Nothing will be the same as it was before the pandemic. Businesses need to adjust to that fact and make necessary changes quickly. You need to move fast.
How do you apply that philosophy to your personal finances?
My wife and I looked at all our ongoing expenses to see where we could make adjustments. The fact that we don’t go out as much as before has reduced our spending budget. We ask ourselves, “Is this a necessity?” “Can we live without it for the time being?” We are more aware of how much things cost and what they add up to.
What was your first big investment?
It was the engagement and wedding ring that I bought here in Dubai for my wife Miriam.
As a businessman, what’s your approach to a pension plan?
I’ve been an expat for almost 35 years. For most of this time, I’ve been self-employed, which means paying for private medical coverage to give us peace of mind, as well as life insurance, and other investments and savings.
What do you invest in?
Property mainly. We bought the house that we are living in now at the height of the real estate boom in 2008 and rented it out for the first eight years to have the income. We part own our commercial property where we have our production facility. Retirement plans, life insurance and education plans are other monthly savings.
When and where did you buy your first home?
We bought in the Arabian Ranches in 2000 as it was one of the first projects available to expats.
What has been your weakest financial moment?
When I split from my partners in 2002, I had not saved any money after seven years of re-investing into the business. I had my rent paid for a year, a Porsche car and a Harley Davidson motorbike. I had to sell both to pay for the new laser machine to start the business.
What was your greatest financial challenge?
Over the years, we have faced financial challenges that seemed like obstacles at the time, such as in 2008, when the global financial crisis rocked our business. Or when we had a fire in 2016 that destroyed a large part of our facility. The team got together and we took it one day at a time. Our customers and suppliers were very helpful and my family was extremely supportive.
Who has been your biggest financial inspiration?
Two of my brothers moved from Germany to Dubai and started their own businesses which has become very successful. My older brother, Uwe, is very organised and structured – something I would like to be more of. My younger brother Wolfi has been able to turn his hobby and passion into a business, and that inspires me.
What’s the one big investment lesson you’ve learnt?
Short-term investments are the riskiest and require a lot of attention. During the heyday of the Dubai property market, we bought some off-plan apartments to flip them quickly and were very lucky to sell them before the whole market went down. What I learnt is to only play with money you can afford to lose, especially when you take high risks.
Are you a spender or a saver?
I like to spend when my wife and I go out, or when we go on holidays as a family. Otherwise, we are both savers.
Where and how do you save?
On a monthly basis. It’s about 20 to 25 per cent of our monthly income, and it goes towards the various plans that we have.
What has been your proudest financial moment?
When we bought our first house together in the Ranches.
What is your biggest financial milestone?

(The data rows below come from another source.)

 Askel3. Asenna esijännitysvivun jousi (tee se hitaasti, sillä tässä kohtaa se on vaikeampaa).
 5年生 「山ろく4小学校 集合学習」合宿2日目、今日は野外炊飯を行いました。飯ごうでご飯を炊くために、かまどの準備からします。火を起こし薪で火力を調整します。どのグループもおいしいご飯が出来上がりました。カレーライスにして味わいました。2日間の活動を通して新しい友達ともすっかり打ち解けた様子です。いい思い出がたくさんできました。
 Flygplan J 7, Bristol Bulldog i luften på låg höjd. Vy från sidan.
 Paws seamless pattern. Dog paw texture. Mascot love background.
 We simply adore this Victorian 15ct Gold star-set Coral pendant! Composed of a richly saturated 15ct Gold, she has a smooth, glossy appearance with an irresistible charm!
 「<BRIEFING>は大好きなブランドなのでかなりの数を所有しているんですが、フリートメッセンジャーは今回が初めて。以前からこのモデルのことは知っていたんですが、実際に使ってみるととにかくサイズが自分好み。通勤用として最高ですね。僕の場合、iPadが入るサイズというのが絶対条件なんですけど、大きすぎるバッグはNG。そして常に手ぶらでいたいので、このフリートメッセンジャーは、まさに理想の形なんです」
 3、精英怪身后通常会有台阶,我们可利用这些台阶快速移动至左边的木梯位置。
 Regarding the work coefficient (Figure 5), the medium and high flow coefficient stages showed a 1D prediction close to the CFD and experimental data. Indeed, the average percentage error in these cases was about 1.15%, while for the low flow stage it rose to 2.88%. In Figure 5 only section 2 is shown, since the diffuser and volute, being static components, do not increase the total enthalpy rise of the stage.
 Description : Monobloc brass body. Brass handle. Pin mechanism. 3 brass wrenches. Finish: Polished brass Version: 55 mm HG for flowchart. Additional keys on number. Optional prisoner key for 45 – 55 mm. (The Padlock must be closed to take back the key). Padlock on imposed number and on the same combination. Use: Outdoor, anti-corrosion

The day when I can step down from what I’m doing because things are as they should be for us to live our lives.
Do you have any financial regrets?
We sold a property we bought during the real estate boom. We should have kept it as an investment.
How much do you have in your wallet right now?
I have Dh50 in small notes in my wallet for tips as I pay by credit card for everything else.
What car do you drive?
I use a Land Cruiser as it is reliable, safe and practical, and I can get my bicycle in the back easily.
What financial advice would you offer your younger self?
Be more conservative. It takes longer to reach the goal, but it is a lot less stressful.